1. `sync_to_local.py` starts, opens TCP connection to local server
2. WSL2 networking drops the connection (SYN-ACK loss)
3. `requests.post()` waits up to 60s read timeout — but if TCP stays half-open, can hang longer
4. Script never reaches `enqueue_failed()`, never exits
5. File exists on remote but never syncs to local
6. No alert, no retry, no visibility

## Affected Files

| File | Server | Role |
|------|--------|------|
| `photoapi/process_retry_queue.py` | Remote | Cron-driven retry processor — needs stuck detection |
| `photoapi/sync_to_local.py` | Remote | Background sync — needs PID/lockfile tracking |
| `photoapi/generate_webp.py` | Remote | Background WebP — needs wall-clock timeout |
| `photoapi/upload.php` | Remote | Spawns background processes — needs PID logging |

## Recommended Changes

### Immediate: Stuck Item Detection in `process_retry_queue.py`

Add a "staleness" check: if a `meter_files` record was inserted more than N minutes ago and the file still exists on the remote server but has no corresponding queue entry and no record of successful sync, treat it as stuck.

**Approach:**
1. Query `meter_files` for records inserted in the last 24 hours
2. For each, check if the file was synced (local server health check or `sync_status` column)
3. If not synced and not in `queue/`, re-enqueue it
4. Log as `STUCK_DETECTED` for monitoring

### Immediate: Lockfile for Cron Overlap Prevention

Add a PID lockfile at the start of `process_retry_queue.py`:
- Check if `/tmp/process_retry_queue.lock` exists
- If PID in lockfile is still running, exit gracefully
- Otherwise, write own PID and proceed
- Remove lockfile on exit (including signal handlers)

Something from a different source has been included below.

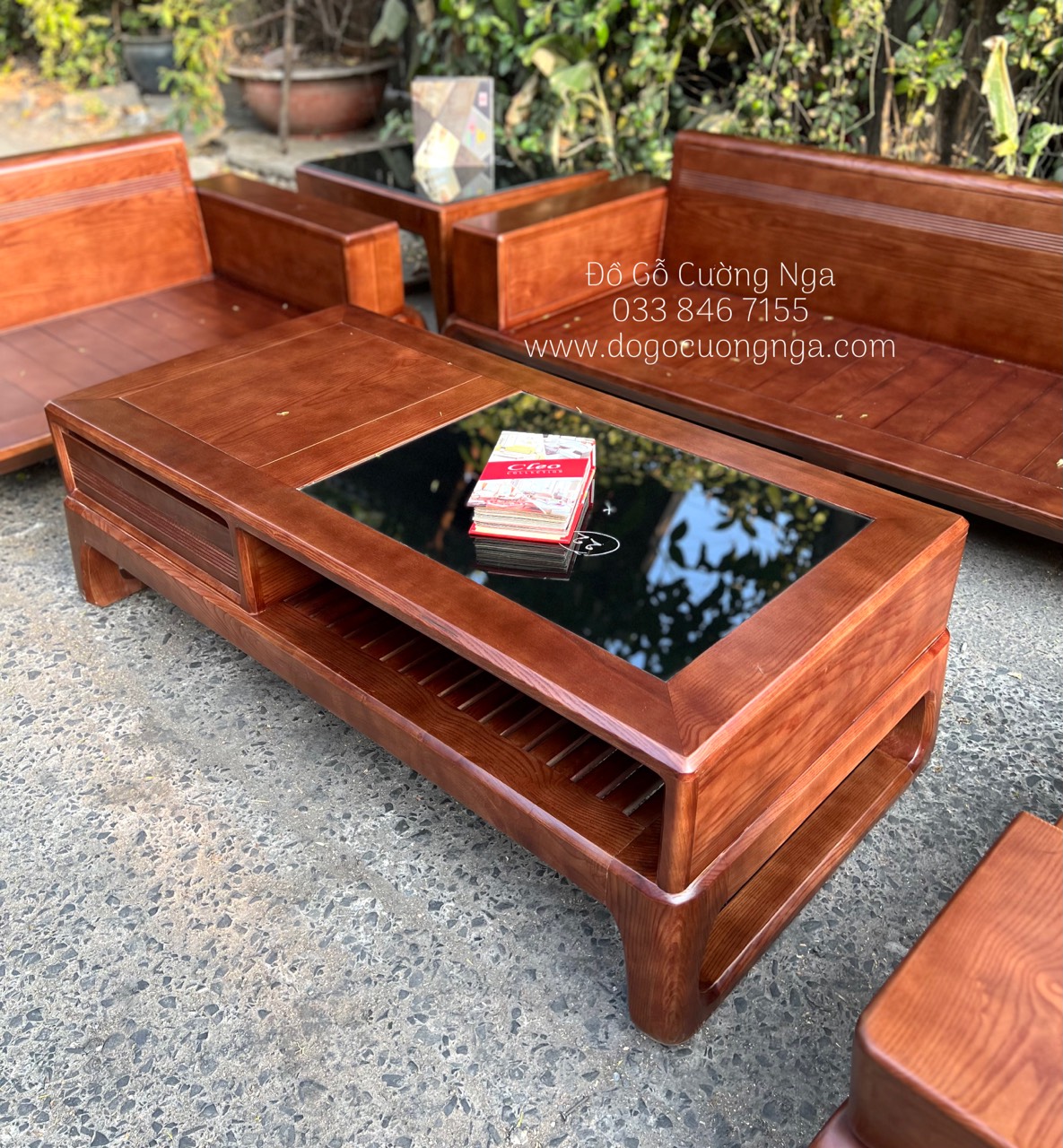 Bộ Bàn Ghế Sofa Gỗ Sồi Nga 2 Văng Chân Xoắn Cao Cấp

### Medium-Term: Wall-Clock Timeout for `generate_webp.py`

Wrap the Pillow conversion in a `signal.alarm()` or `threading.Timer` with a 120s max runtime. If exceeded, exit with error code so the failure is visible in logs.

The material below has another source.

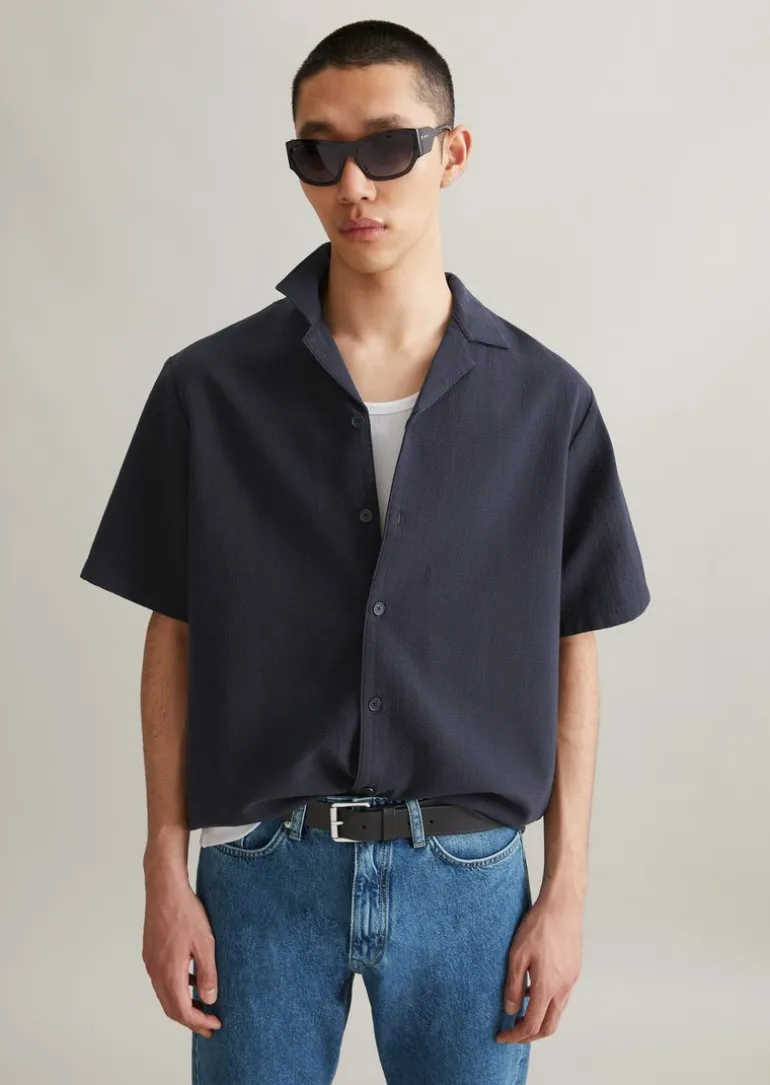 Kurzarm-Hemd regular fein strukturiert aus Bio-Baumwolle in blau

### Long-Term: Proper Job Queue

Replace `nohup exec()` with a managed job queue:
- **Option A:** Redis + rq (Python Redis Queue) — lightweight, fits existing Python stack
- **Option B:** Supervisor process manager — manages long-running workers
- **Option C:** systemd service units — native Linux process management

## Architecture (Current vs Proposed)

```
CURRENT (fire-and-forget):
  upload.php
    |-> exec("nohup sync_to_local.py ... &")  -- no tracking
    |-> exec("nohup generate_webp.py ... &")   -- no tracking
    \-> echo JSON response

  process_retry_queue.py (cron */15)
    \-> only processes queue/*.json files (items that FAILED and were queued)

PROPOSED (tracked execution):
  upload.php
    |-> exec("nohup sync_to_local.py ... &")  -- PID logged
    |-> exec("nohup generate_webp.py ... &")   -- PID logged
    \-> echo JSON response

  process_retry_queue.py (cron */15)
    |-> Process queue/*.json files (failed items)
    |-> Scan meter_files for unsynced records (stuck items)
    |-> Check for hung PIDs, kill if stale
    \-> Re-enqueue stuck items
```

## Monitoring Additions

```bash
# Check for hung sync processes (>5 min old)
ps aux | grep sync_to_local | grep -v grep | awk '{if (systime() - $9 > 300) print}'

# Check for orphaned queue items
ls -la /var/www/vhosts/aeihawaii.com/httpdocs/photoapi/queue/

# Check retry queue log for STUCK_DETECTED entries
grep STUCK_DETECTED /var/www/vhosts/aeihawaii.com/httpdocs/photoapi/logs/retry_queue.log
```

## Success Criteria

- [ ] `process_retry_queue.py` detects items stuck >30 min and re-enqueues them
- [ ] Lockfile prevents overlapping cron runs
- [ ] `generate_webp.py` has a 120s max wall-clock timeout
- [ ] Hung process count visible in retry queue logs
- [ ] No duplicate sync attempts for the same file

## Full Documentation

See `STUCK_PROCESS_DETECTION_ENHANCEMENT.md` (in this folder) for detailed specification.